At the time, there were some warnings posted that, with the usual compression
algorithm, a tape error would make the whole rest of the tape unusable since
uncompress would lose sync and the rest of the data stream would be garbage.

Now, it seems to me that the failure mode with every bad QIC tape I've ever
encountered has been that the whole rest of the tape was inaccessible anyway.
I'd like to inquire of the net: Have people in fact had tapes with errors or
other such glitches that they were in fact able to read past, and get at the
rest of the tape?  And does this have anything to do with QIC versus 9-track
versus other media?  It seems to me that with some of the low-level stuff
that happens on QIC, 9-track might be more amenable to recovery.  Can anyone
who knows low-level tape drivers comment?

What I'm getting at is, if in fact any tape error stops you dead anyway, then
there's no reason not to pipe a whole backup through compress (making sure you
have an uncompressed copy of uncompress available for recovery :-), since if
you can't get at the remaining data anyway it's academic whether you can
uncompress it.

Also, if you can back up the same data in half the tape, you can probably back
up the system twice as often and be better covered with the same volume of
tape.  In fact, you could show mathematically that you're just as well covered
this way with say a single-tape compressed backup daily as opposed to a
two-tape regular backup every other day, so long as the probability of the
compression itself preventing restore is less than 50% (the actual probability
would be considerably less!).  The exact ratio would vary with the "density"
of your disk contents, but we have some large data files that give better than
90% compression.

There's also the point that if your most recent backup was corrupt but allowed
you to continue and recover most of the system, you'd probably still go back
another generation if that restored perfectly, just so you'd have something
you trusted.  Since this is the one situation where compression would be an
issue, perhaps it wouldn't be after all.

I'm sure I don't need to request net.comment, but I will anyway.
-- 
Anthony DeBoer NAUI#Z8800 | adeboer@gjetor.geac.com   | Programmer (n): One who
Geac J&E Systems Ltd.     | uunet!geac!gjetor!adeboer | makes the lies the 
Toronto, Ontario, Canada  | #include <disclaimer.h>   | salesman told come true.

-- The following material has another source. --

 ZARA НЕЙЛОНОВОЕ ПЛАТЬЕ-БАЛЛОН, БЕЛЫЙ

david@talgras.UUCP (David Hoopes) (04/09/91)

In article <1991Apr8.194026.29651@gjetor.geac.COM> adeboer@gjetor.geac.COM (Anthony DeBoer) writes:
>Awhile back there was some discussion of doing compressed backups, roughly
>along the line of:
>
># find . -print | cpio -ovc | compress -v | dd bs=64k of=/dev/rmt0
>
>At the time, there were some warnings posted that, with the usual compression
>algorithm, a tape error would make the whole rest of the tape unusable since
>uncompress would lose sync and the rest of the data stream would be garbage.
>
>Now, it seems to me that the failure mode with every bad QIC tape I've ever
>encountered has been that the whole rest of the tape was inaccessible anyway.

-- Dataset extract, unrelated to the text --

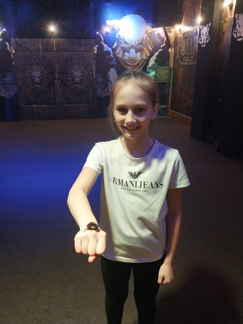 Как вы уже поняли по фотографии выше, где находится моя дочка, змей мы не просто не боимся, но вполне себе уважаем! В квесте нужно было доставать из ящиков монетки, а там находились змеи, тараканы и крысы. Крысу нам поймать не удалось, она не слишком хотела фотографироваться, как бы мой ребёнок не старался. А вот у таракана Валеры выбора не было! Вот он, кстати.

I think you are confusing a tape error (some section of tape is unreadable) 
with a user overwriting the beginning of tape.  Overwriting teh tape is
generally not recoverable on qic drives.  However  reading past a tape
error is posable.  It is more of a function of the software then the drive.
tar will choke and die.  Some newer versions of cpio will resync and 
continue the restore after a bad block.  You lose that file or even a 
couple of files but most of the backup is good.

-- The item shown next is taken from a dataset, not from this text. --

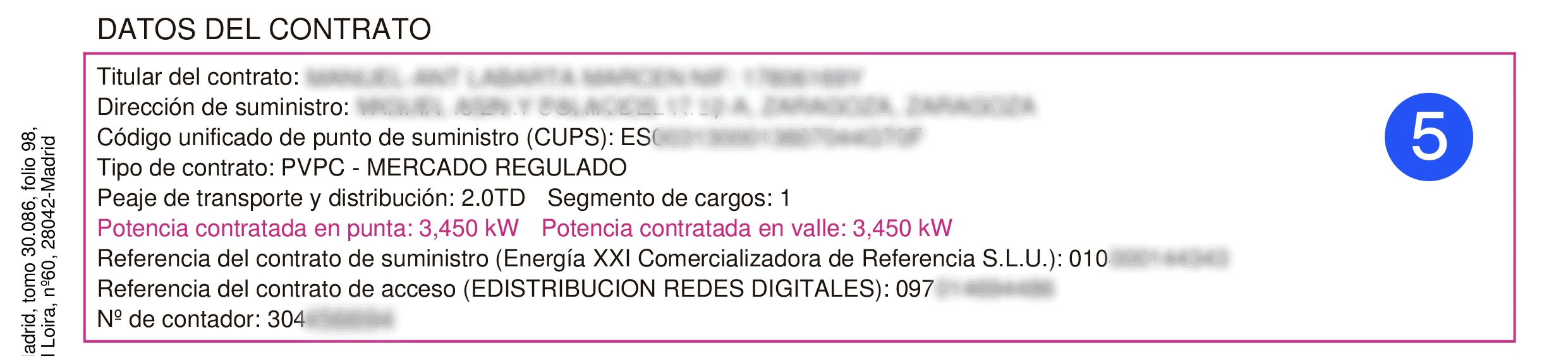 - Titular, documento de identidad y dirección de suministro: Son los datos del titular del contrato, así como la dirección del punto de suministro (la cual en muchos casos no coincide con la actual).

I do not reccomend the above compression.  If you loose one byte off the
tape the rest of the tape is gone.

>I'd like to inquire of the net: Have people in fact had tapes with errors or
>other such glitches that they were in fact able to read past, and get at the
>rest of the tape?  And does this have anything to do with QIC versus 9-track

I work with tapes and tape drivers.  I have induced tape errors with a magnate
on several QIC drives and our DAT drive.  It is possable to read past an
error if the software can handle it.


>Also, if you can back up the same data in half the tape, you can probably back
>up the system twice as often and be better covered with the same volume of
>tape.  In fact, you could show mathematically that you're just as well covered

Try figuring out how much time this will add to doing your backup.  And don't
forget that the restore will take longer also.  You can do the same thing by
buying a couple of extra tapes.

>There's also the point that if your most recent backup was corrupt but allowed
>you to continue and recover most of the system, you'd probably still go back
>another generation if that restored perfectly, just so you'd have something
>you trusted.  Since this is the one situation where compression would be an
>issue, perhaps it wouldn't be after all.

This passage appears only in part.